Key Findings of the Study
• The study found that Marine Cloud Brightening (MCB) over the southeastern Pacific could potentially weaken or prevent a super El Niño by cooling ocean waters and disrupting the ocean-atmosphere feedbacks that drive its growth.
• Simulations of the 1997–98 and 2015–16 El Niño events showed that early and sustained interventions were most effective, with the potential to restore neutral ENSO conditions or even induce La Niña-like cooling.
• Researchers drew insights from the 2019–20 Australian bushfires, where aerosol-induced cloud brightening over the Pacific was followed by an unusual multi-year La Niña phase, indicating the influence of cloud reflectivity on climate patterns.
• The simulations suggest that MCB could reverse several temperature and rainfall anomalies linked to extreme El Niño events, helping reduce droughts, floods, heatwaves, and associated economic losses.
• The findings highlight the potential of targeted geoengineering to manage seasonal climate variability such as ENSO, although the technique remains experimental and untested at scale.
Understanding the Science: El Niño and Marine Cloud Brightening (MCB)
• El Niño
- El Niño is the warm phase of the El Niño–Southern Oscillation (ENSO), characterised by unusually warm sea-surface temperatures in the central and eastern Pacific Ocean.
- It results from interactions between ocean temperatures, trade winds, and atmospheric circulation patterns.
- Strong El Niño events can disrupt global weather systems, causing droughts, floods, heatwaves, weakened monsoons, marine ecosystem stress, and significant socio-economic losses.
- Particularly intense episodes are termed super El Niños.
• Marine Cloud Brightening (MCB)
- Marine Cloud Brightening is a form of Solar Radiation Management (SRM) that seeks to increase the reflectivity (albedo) of low-lying marine stratocumulus clouds by spraying microscopic seawater droplets into the atmosphere.
- The sea-salt particles act as cloud-condensation nuclei, producing brighter and longer-lasting clouds that reflect more incoming sunlight back into space, thereby reducing ocean-surface warming.
- The concept has also been explored as a means to reduce coral bleaching risks in vulnerable ecosystems such as Australia’s Great Barrier Reef, demonstrating its potential applications beyond climate modelling.

Potential Significance of the Study
• Reducing Extreme Weather Risks: If proven effective, MCB could help moderate droughts, floods, heatwaves, and other weather extremes often associated with super El Niño events, thereby reducing humanitarian and economic losses.
• Protecting Marine Ecosystems: By lowering sea-surface temperatures, MCB may help reduce marine heatwaves and coral bleaching events that threaten biodiversity-rich marine ecosystems.
• Economic and Food Security Benefits: Since super El Niño events can trigger major agricultural losses, fisheries disruptions, and water stress, moderating their intensity could improve food security and reduce economic losses in climate-vulnerable regions.
• Implications for the Indian Monsoon: Since strong El Niño episodes are frequently linked with weaker monsoon rainfall in India, limiting their intensity could potentially reduce rainfall variability and support agricultural stability.
Concerns and Limitations
• Dependence on Model Simulations: The findings are based primarily on climate models and have not been validated through large-scale field experiments.
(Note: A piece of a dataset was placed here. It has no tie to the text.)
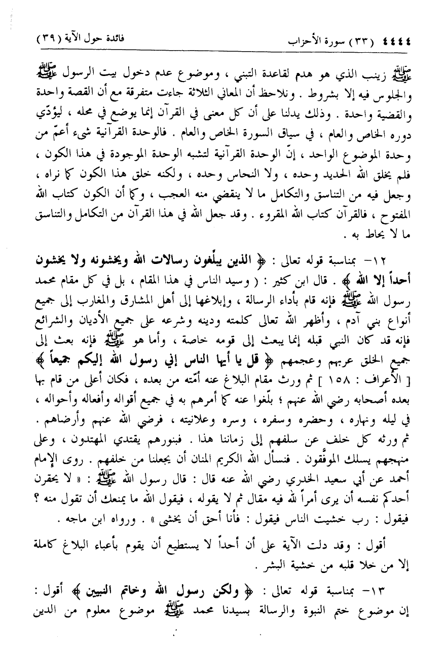 صلّى الله عليه وسلم زينب الذي هو هدم لقاعدة التبني، وموضوع عدم دخول بيت الرسول صلّى الله عليه وسلم والجلوس فيه إلا بشروط. ونلاحظ أن المعاني الثلاثة جاءت متفرقة مع أن القصة واحدة والقضية واحدة. وذلك يدلنا على أن كل معنى في القرآن إنما يوضع في محله، ليؤدّي دوره الخاص والعام، في سياق السورة الخاص والعام. فالوحدة القرآنية شئ أعمّ من وحدة الموضوع الواحد، إنّ الوحدة القرآنية لتشبه الوحدة الموجودة في هذا الكون، فلم يخلق الله الحديد وحده، ولا النحاس وحده، ولكنه خلق هذا الكون كما نراه، وجعل فيه من التناسق والتكامل ما لا ينقضي منه العجب، وكما أن الكون كتاب الله المفتوح، فالقرآن كتاب الله المقروء. وقد جعل الله في هذا القرآن من التكامل والتناسق ما لا يحاط به.

Actual climatic responses may differ from simulated outcomes.
• Risk of Unintended Climatic Effects: Deliberately altering cloud properties could influence rainfall patterns, atmospheric circulation, or ocean conditions in unforeseen ways, potentially shifting climate risks from one region to another.
• Operational and Technological Challenges: Large-scale deployment would require specialised systems capable of dispersing seawater aerosols over vast oceanic areas, a capability that remains technologically challenging and largely untested.
• Governance and Ethical Challenges: Geoengineering interventions may have transboundary consequences, raising complex questions regarding international regulation, liability, decision-making authority, and equitable distribution of risks and benefits.
• Not a Replacement for Climate Mitigation: MCB may help manage certain climatic impacts, but it does not address the underlying drivers of climate change, particularly rising greenhouse-gas emissions.